The Conventional Reality of Phenomena (from The Fundamental Wisdom of the Middle Way, by Prof. Jay L. Garfield, New York 1995)
The central topic of Mulamadhyamakakarika (literally Fundamental Verses on the Middle Way) is ‘emptiness’ – the Buddhist technical term for the lack of independent existence, inherent existence, or essence in things. Nagarjuna relentlessly analyzes phenomena or processes that appear to exist independently and argues that they cannot so exist, and yet, though lacking the inherent existence imputed to them either by naive common sense or by sophisticated realistic philosophical theory, these phenomena are not nonexistent – they are, he argues, conventionally real.

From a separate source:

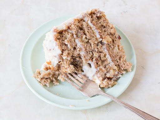 Assemble the cake: Place 1 cake layer on a cake stand. Using a butter knife, spread 2⁄3 cup frosting evenly over the top. Place second cake layer atop first one and frost top of it with another 2⁄3 cup frosting. Repeat with remaining cake layer. Spread remaining frosting over the sides of the assembled cake. Serve immediately or wrap loosely with plastic wrap and refrigerate.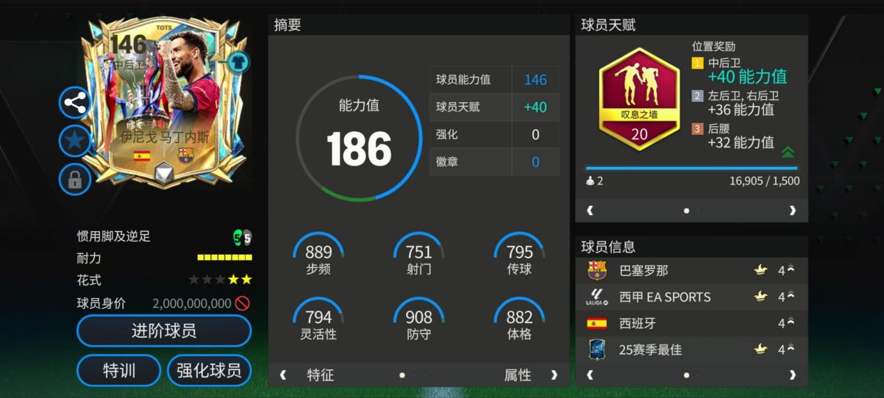 伊尼戈·马丁内斯在赛季最佳活动推出了一张146能力值的终极球员卡。天赋配备了叹息之墙,对他的防守端表现提升显著。尽管身材不算高大,但马丁内斯在场上的跑动范围大,补防协防积极,是一名灵活性出色的机动型中后卫。

This dual thesis of the conventional reality of phenomena together with their lack of inherent existence depends upon the complex doctrine of the two truths or two realities – a conventional or nominal truth and an ultimate truth – and upon a subtle and surprising doctrine regarding their relation. It is, in fact, this sophisticated development of the doctrine of the two truths as a vehicle for understanding Buddhist metaphysics and epistemology that is Nagarjuna’s greatest philosophical contribution. If the analysis in terms of emptiness is the substantive heart of Mulamadhyamakakarika, the method of reductio ad absurdum is the methodological core. Nagarjuna, like Western sceptics, systematically eschews the defense of positive metaphysical doctrines regarding the nature of things, arguing rather that any such positive thesis is incoherent and that, in the end, our conventions and our conceptual framework can never be justified by demonstrating their correspondence to an independent reality. Rather, he suggests, what counts as real depends precisely on our conventions (though in the end, as we shall see, ultimate reality depends on our conventions in a way, it depends on our conventions in a very different way from that in which conventional reality does; despite this difference in the structure of the relation between convention and reality in the two cases, however, it remains a distinctive feature of Nagarjuna’s system that it is impossible to speak coherently of reality independent of conventions).
For Nagarjuna and his followers this point [that what counts as real depends on our conventions] is connected deeply and directly with the emptiness of phenomena. That is, for instance, when a Madhyamika philosopher says of a table that it is empty, that assertion by itself is incomplete. It invites the question: empty of what? And the answer is: empty of inherent existence, or self-nature, or, in more Western terms, essence. Now, to say that the table is empty is hence simply to say that it lacks essence and importantly not to say that it is completely nonexistent. To say that it lacks essence, the Madhyamika philosopher will explain, is to say, as the Tibetans like to put it, that is does not exist ‘from its own side’ – that its existence as the object that it is – as a table – depends not on it, nor on any purely nonrelational characteristics, but depends on us as well. That is, if our culture had not evolved this manner of furniture, what appears to us to be an obviously unitary object might instead be correctly described as five objects: four quite useful sticks absurdly surmounted by a pointless slab of stick-wood waiting to be carved!